Massacre Confronts Presidential Candidates With Gun-Control Issues They've Dodged

By CALVIN WOODWARD
Associated Press Writer

WASHINGTON (AP) - Gun control has been treated with a mix of silence and discomfort in the presidential campaign, a stance that may become insupportable once the nation finds its voice in the aftermath of the Virginia Tech mass murder.

Democrats have been deliberately muted for months on an issue that, by their own reckoning, contributed to and perhaps sealed their defeat in the 2000 presidential election. That's when Al Gore's call for gun registration cost him votes in rural America and dulled the party's appetite for taking on the gun lobby.

Top Republicans in the race are trying to close ranks with their party's conservative base on a variety of issues, making gun control an unusually sensitive one for them, too, thanks to their liberal views in the past.

Enter the massacre at Blacksburg, Va., an attack so horrific it froze the presidential campaign in place. Candidates called off events and expressed only sorrow, not opinion, in the first hours.

Advocates of any stripe raised their gun agenda at their peril.

"I think that people who want to take this within 24 hours of the event and make it their political hobby horse to ride ... I've got nothing but loathing for them," Virginia Gov. Tim Kaine said. "To those who want to try to make this into some little crusade, I say take that elsewhere."

But the bloodiest shooting rampage in modern U.S. history, with 33 dead, is certain to set off a debate that those who would be president can hardly sit out in the days and weeks ahead.

Rudy Giuliani waded gently into it Wednesday, a day after GOP rival John McCain said that the attack did not throw him off his support for constitutional gun rights.

"Obviously, this tragedy does not alter the Second Amendment," Giuliani said in a statement. "People have the right to keep and bear arms and the Constitution says this right will not be infringed."

His emphasis on state-by-state solutions to gun control in the GOP primaries contrasts with his past enthusiasm for a federal mandate to register handgun owners - an even stiffer requirement than registering guns.

Giuliani, as New York mayor and former Senate candidate, and Mitt Romney, as Massachusetts governor, supported the federal ban on assault-type weapons, background checks on gun purchases and other restrictions reviled by many gun-rights advocates.

The other New Yorker in this race, Democratic Sen.

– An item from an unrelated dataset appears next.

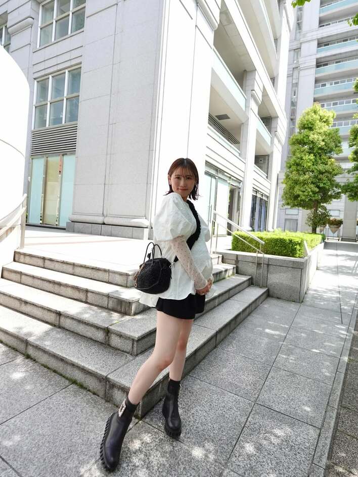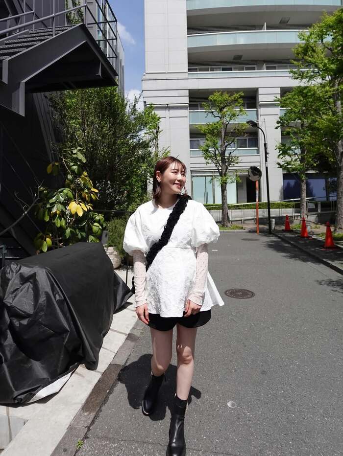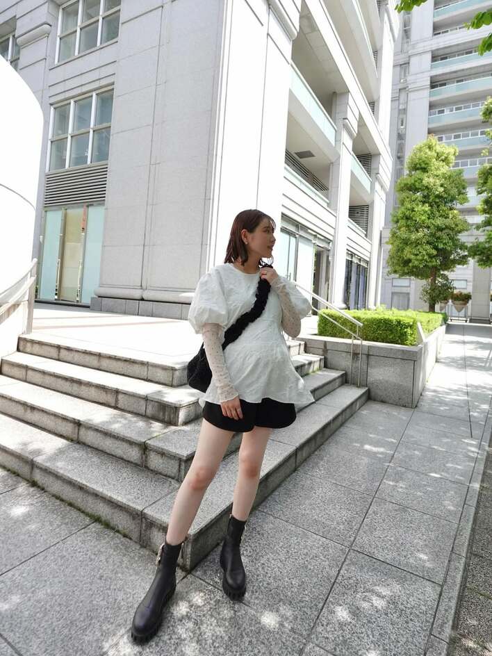 西野さんは、白いボリューム袖のトップスに黒のショートパンツを合わせたモノトーンコーデを披露。黒いブーツと斜め掛けのショルダーバッグが、全体のバランスを引き締めています。

Hillary Rodham Clinton, also supported proposals for state-issued photo gun licenses, as well as a national registry for handgun sales, in positions laid out for crime-weary New Yorkers in 2000.

In this campaign, candidates in both parties who've ever taken a shot at a prey are playing up their hunting credentials. Others are highlighting their allegiance to the constitutional right to bear arms or avoiding the question altogether.

Now such questions are unavoidably in their face.

"Not talking about an issue may be successful in the short term but it's never a successful long-term strategy," said James Kessler, policy and gun-control specialist at Third Way, a Democratic centrist group. "I don't think that a candidate will be punished for supporting gun safety measures this time around."

But, he said he thought that after Columbine, lawmakers could pass legislation requiring background checks on weapons bought at gun shows "and we didn't."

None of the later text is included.